[Extracted data entries]
[Start of section]

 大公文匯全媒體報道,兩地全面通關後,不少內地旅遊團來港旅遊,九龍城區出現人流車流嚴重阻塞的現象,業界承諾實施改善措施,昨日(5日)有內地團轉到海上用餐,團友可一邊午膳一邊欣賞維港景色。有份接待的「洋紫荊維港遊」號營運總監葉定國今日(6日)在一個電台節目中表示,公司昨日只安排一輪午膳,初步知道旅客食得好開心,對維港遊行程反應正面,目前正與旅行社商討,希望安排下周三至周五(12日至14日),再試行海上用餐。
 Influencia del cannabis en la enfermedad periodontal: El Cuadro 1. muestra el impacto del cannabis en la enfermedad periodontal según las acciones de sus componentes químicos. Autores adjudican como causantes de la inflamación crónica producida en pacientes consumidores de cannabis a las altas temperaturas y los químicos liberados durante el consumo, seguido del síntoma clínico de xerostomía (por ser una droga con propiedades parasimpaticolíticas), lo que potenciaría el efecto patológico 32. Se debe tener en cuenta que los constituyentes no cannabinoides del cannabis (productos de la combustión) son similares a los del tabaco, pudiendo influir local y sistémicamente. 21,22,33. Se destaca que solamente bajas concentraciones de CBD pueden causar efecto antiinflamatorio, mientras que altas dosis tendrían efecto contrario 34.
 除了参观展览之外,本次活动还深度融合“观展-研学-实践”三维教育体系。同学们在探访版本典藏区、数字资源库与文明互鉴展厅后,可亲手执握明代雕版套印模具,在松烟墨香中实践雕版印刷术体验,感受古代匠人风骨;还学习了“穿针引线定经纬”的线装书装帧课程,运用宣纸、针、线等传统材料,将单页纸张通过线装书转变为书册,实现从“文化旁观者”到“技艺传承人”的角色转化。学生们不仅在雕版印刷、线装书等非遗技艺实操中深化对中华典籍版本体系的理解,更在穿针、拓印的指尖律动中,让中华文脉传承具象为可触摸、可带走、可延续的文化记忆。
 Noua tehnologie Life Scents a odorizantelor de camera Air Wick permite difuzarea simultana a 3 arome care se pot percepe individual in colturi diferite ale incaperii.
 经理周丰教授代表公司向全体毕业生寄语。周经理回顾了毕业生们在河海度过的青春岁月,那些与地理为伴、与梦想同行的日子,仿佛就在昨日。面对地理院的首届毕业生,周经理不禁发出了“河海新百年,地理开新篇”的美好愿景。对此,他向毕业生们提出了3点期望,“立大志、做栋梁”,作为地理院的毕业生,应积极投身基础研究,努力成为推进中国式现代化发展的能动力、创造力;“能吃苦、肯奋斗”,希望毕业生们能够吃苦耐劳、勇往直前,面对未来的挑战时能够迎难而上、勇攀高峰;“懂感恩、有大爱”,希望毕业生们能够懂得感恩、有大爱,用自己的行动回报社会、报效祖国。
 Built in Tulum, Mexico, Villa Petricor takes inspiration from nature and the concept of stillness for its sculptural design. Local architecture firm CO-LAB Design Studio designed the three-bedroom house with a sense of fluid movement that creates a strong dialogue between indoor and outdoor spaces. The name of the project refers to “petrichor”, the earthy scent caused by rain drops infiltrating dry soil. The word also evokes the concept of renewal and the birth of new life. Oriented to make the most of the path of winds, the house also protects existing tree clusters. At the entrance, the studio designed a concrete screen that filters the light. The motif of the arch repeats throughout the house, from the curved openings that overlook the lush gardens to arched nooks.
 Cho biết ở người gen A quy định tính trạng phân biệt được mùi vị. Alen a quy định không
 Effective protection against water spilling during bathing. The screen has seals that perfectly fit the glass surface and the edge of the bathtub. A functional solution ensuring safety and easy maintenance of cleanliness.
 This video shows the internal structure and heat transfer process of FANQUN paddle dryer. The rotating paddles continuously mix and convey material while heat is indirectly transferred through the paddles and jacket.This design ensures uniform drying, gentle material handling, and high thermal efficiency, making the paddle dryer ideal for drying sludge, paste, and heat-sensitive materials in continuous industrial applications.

[End of section]

Send back each record exactly as it stands.

◆ ANSWER FOR THE TASK
 大公文匯全媒體報道,兩地全面通關後,不少內地旅遊團來港旅遊,九龍城區出現人流車流嚴重阻塞的現象,業界承諾實施改善措施,昨日(5日)有內地團轉到海上用餐,團友可一邊午膳一邊欣賞維港景色。有份接待的「洋紫荊維港遊」號營運總監葉定國今日(6日)在一個電台節目中表示,公司昨日只安排一輪午膳,初步知道旅客食得好開心,對維港遊行程反應正面,目前正與旅行社商討,希望安排下周三至周五(12日至14日),再試行海上用餐。
 Influencia del cannabis en la enfermedad periodontal: El Cuadro 1. muestra el impacto del cannabis en la enfermedad periodontal según las acciones de sus componentes químicos. Autores adjudican como causantes de la inflamación crónica producida en pacientes consumidores de cannabis a las altas temperaturas y los químicos liberados durante el consumo, seguido del síntoma clínico de xerostomía (por ser una droga con propiedades parasimpaticolíticas), lo que potenciaría el efecto patológico 32. Se debe tener en cuenta que los constituyentes no cannabinoides del cannabis (productos de la combustión) son similares a los del tabaco, pudiendo influir local y sistémicamente. 21,22,33. Se destaca que solamente bajas concentraciones de CBD pueden causar efecto antiinflamatorio, mientras que altas dosis tendrían efecto contrario 34.
 除了参观展览之外,本次活动还深度融合“观展-研学-实践”三维教育体系。同学们在探访版本典藏区、数字资源库与文明互鉴展厅后,可亲手执握明代雕版套印模具,在松烟墨香中实践雕版印刷术体验,感受古代匠人风骨;还学习了“穿针引线定经纬”的线装书装帧课程,运用宣纸、针、线等传统材料,将单页纸张通过线装书转变为书册,实现从“文化旁观者”到“技艺传承人”的角色转化。学生们不仅在雕版印刷、线装书等非遗技艺实操中深化对中华典籍版本体系的理解,更在穿针、拓印的指尖律动中,让中华文脉传承具象为可触摸、可带走、可延续的文化记忆。
 Noua tehnologie Life Scents a odorizantelor de camera Air Wick permite difuzarea simultana a 3 arome care se pot percepe individual in colturi diferite ale incaperii.
 经理周丰教授代表公司向全体毕业生寄语。周经理回顾了毕业生们在河海度过的青春岁月,那些与地理为伴、与梦想同行的日子,仿佛就在昨日。面对地理院的首届毕业生,周经理不禁发出了“河海新百年,地理开新篇”的美好愿景。对此,他向毕业生们提出了3点期望,“立大志、做栋梁”,作为地理院的毕业生,应积极投身基础研究,努力成为推进中国式现代化发展的能动力、创造力;“能吃苦、肯奋斗”,希望毕业生们能够吃苦耐劳、勇往直前,面对未来的挑战时能够迎难而上、勇攀高峰;“懂感恩、有大爱”,希望毕业生们能够懂得感恩、有大爱,用自己的行动回报社会、报效祖国。
 Built in Tulum, Mexico, Villa Petricor takes inspiration from nature and the concept of stillness for its sculptural design. Local architecture firm CO-LAB Design Studio designed the three-bedroom house with a sense of fluid movement that creates a strong dialogue between indoor and outdoor spaces. The name of the project refers to “petrichor”, the earthy scent caused by rain drops infiltrating dry soil. The word also evokes the concept of renewal and the birth of new life. Oriented to make the most of the path of winds, the house also protects existing tree clusters. At the entrance, the studio designed a concrete screen that filters the light. The motif of the arch repeats throughout the house, from the curved openings that overlook the lush gardens to arched nooks.
 Cho biết ở người gen A quy định tính trạng phân biệt được mùi vị. Alen a quy định không
 Effective protection against water spilling during bathing. The screen has seals that perfectly fit the glass surface and the edge of the bathtub. A functional solution ensuring safety and easy maintenance of cleanliness.
 This video shows the internal structure and heat transfer process of FANQUN paddle dryer. The rotating paddles continuously mix and convey material while heat is indirectly transferred through the paddles and jacket.This design ensures uniform drying, gentle material handling, and high thermal efficiency, making the paddle dryer ideal for drying sludge, paste, and heat-sensitive materials in continuous industrial applications.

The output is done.